Bonjour amis macistes !

Etant un grand utilisateur de MSN Messenger, je me suis mis à la recherche de plug in pour ce magnifique  petit logiciel, j'ai cherché sur Google et sur la partie "tribumac" du site, mais je n'ai rien trouvé   Quelqu'un peut m'aider ?

Question subsidiaire : En achetant, mon ibook 12", j'ai eu droit a un mois d'abonnement gratuit a .mac, est ce  que apres ce délai (je n'ai pas les moyens de payer un compte) je garderai mon adresse e-mail @mac.com ?

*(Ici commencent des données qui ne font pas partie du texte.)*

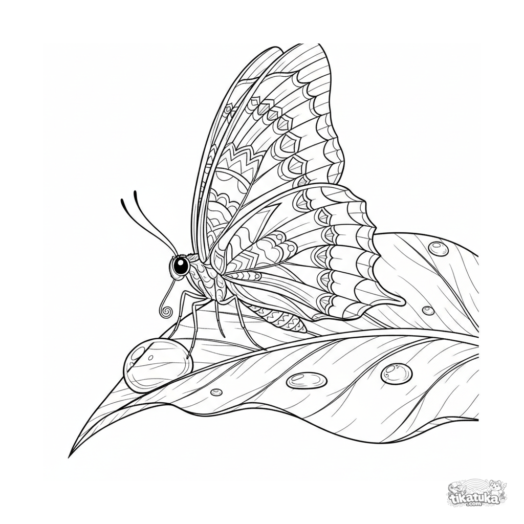Página para colorear realista para niños mayores de 10-12 años: una mariposa con alas estampadas bebe agua de una gota de rocío en una hoja. Anatomía detallada, texturas naturalistas, fondo rico.

Voila, merci d'avance et bonne journée à tous


----------



## vincmyl (11 Décembre 2004)

Oui ton email tu pourras le garder


----------



## JPTK (11 Décembre 2004)

vincmyl a dit:
			
		

> Oui ton email tu pourras le garder



J'ai posé la même question il y a peu, via "coup de boule" et on m'a dit nan


----------



## DJ_FoX_MaC_ClouD (11 Décembre 2004)

jaipatoukompri a dit:
			
		

> J'ai posé la même question il y a peu, via "coup de boule" et on m'a dit nan



Oui et je réaffirme ce que je t'ai dit!
Normalement, les comptes mails sont supprimés, seuls les identifiants ichat sont encore valides


----------



## Anonyme (12 Décembre 2004)

Je confirme aussi que le compte mail n'est plus utilisable une fois que le .Mac est fermé.


----------



## WebOliver (12 Décembre 2004)

jaipatoukompri a dit:
			
		

> J'ai posé la même question il y a peu, via "coup de boule" et on m'a dit nan



On en parle aussi ici... et à plein d'autres endroits...  Et sinon, pour rester dans le sujet, on trouve MSN ici. C'est bien ça que tu cherches?


----------



## qoda (12 Décembre 2004)

heu non, moi ce que je cherce c'est un plug-in, c'est à dire un petit logiciel qui rajoute des options et des fonctions à MSN, y'en a pas mal pour PC, mais je n'ai pas encore trouve pour MAC... 

Edit : Ce qui semble être le cas de Mercury...


----------



## hannibal_hacker (26 Mars 2006)

en gros, est il possible de se conncete avec une adresse mac.com sur msn messenger?(tout cela sur mac)

merci d'avance


----------